The courses can be built-in with curriculum as covid-19 continues to disrupt classroom studying, with no readability on reopening of faculties and academic establishments. These will make up for as a lot as 40% after all materials for a semester, and scale back stress amongst 36% of undergraduates pursuing humanities.
Keeping in thoughts the disaster, chairman of University Grants Commission (UGC) has constituted an knowledgeable committee to map the present online courses and determine gaps and develop materials as per UGC’s mannequin of choice-based credit score system of curriculum, the apex education regulator has stated in a notification.
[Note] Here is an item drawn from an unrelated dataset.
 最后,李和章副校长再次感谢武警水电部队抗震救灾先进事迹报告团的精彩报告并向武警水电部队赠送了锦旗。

In the primary part, UGC has proposed to develop 171 undergraduate online courses in six topics of humanities and social science like historical past, political science, commerce, sociology, public administration and anthropology, as per the notification, a replica of which has been reviewed by Mint.
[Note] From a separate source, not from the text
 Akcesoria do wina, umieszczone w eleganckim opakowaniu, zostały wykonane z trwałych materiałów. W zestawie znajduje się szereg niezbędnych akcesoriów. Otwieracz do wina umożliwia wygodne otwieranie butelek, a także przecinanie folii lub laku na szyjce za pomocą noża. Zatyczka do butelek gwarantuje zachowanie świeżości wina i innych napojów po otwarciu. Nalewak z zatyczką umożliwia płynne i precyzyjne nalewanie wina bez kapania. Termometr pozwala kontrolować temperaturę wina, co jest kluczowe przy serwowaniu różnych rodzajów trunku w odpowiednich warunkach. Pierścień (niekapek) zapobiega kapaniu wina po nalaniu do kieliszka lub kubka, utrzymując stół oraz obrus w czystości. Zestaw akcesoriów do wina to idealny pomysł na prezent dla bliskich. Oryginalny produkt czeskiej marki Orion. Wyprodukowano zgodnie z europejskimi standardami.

The courses can be hosted on authorities’s online platform Swayam, “to enable students to virtually attend the courses taught by the best faculty…take tests and earn academic credits upto 20%, which is being extended up to 40%, of the total courses offered in a programme in a semester through the online courses.”
“In the present environment, online learning is reducing disruptions caused by the health crisis, and it is better to prepare, plan and develop courses…In the first phase competent professors and institutions will be allowed to develop courses in key areas of liberal arts, and help the large Indian college going population,” stated a authorities official, requesting anonymity. The plan is to step by step have an enough mixture of topics in order that college students have decisions.
The NEP has stated that the notion of a ‘knowledge of many arts’ or what in trendy occasions is usually known as the ‘liberal arts’ should be introduced again to Indian education, as it is going to a requisite for the 21st century.
Other than giving decisions to college students, the UGC in May had accepted an inner proposal that claims larger instructional establishments needs to be requested to deposit 15% of the payment collected from college students for providing courses to the federal government scheme that promotes online courses and hosts them on a devoted platform. Once they execute the plan, it will likely be income as at the moment most undergraduate college students are pursuing humanities, and campuses are closed. As per official information, at UG degree, virtually 36% of scholars are enrolled in humanities courses adopted by science (16.5%) and engineering (13.5%) streams.
“More than revenue, the move will help three things – quick response to the current disruptions, create a pool of courses which have high takers at colleges right now, and will help in inter-disciplinary learning. The pandemic offers a chance to accelerate efforts and reimagine education delivery,” the official cited above stated.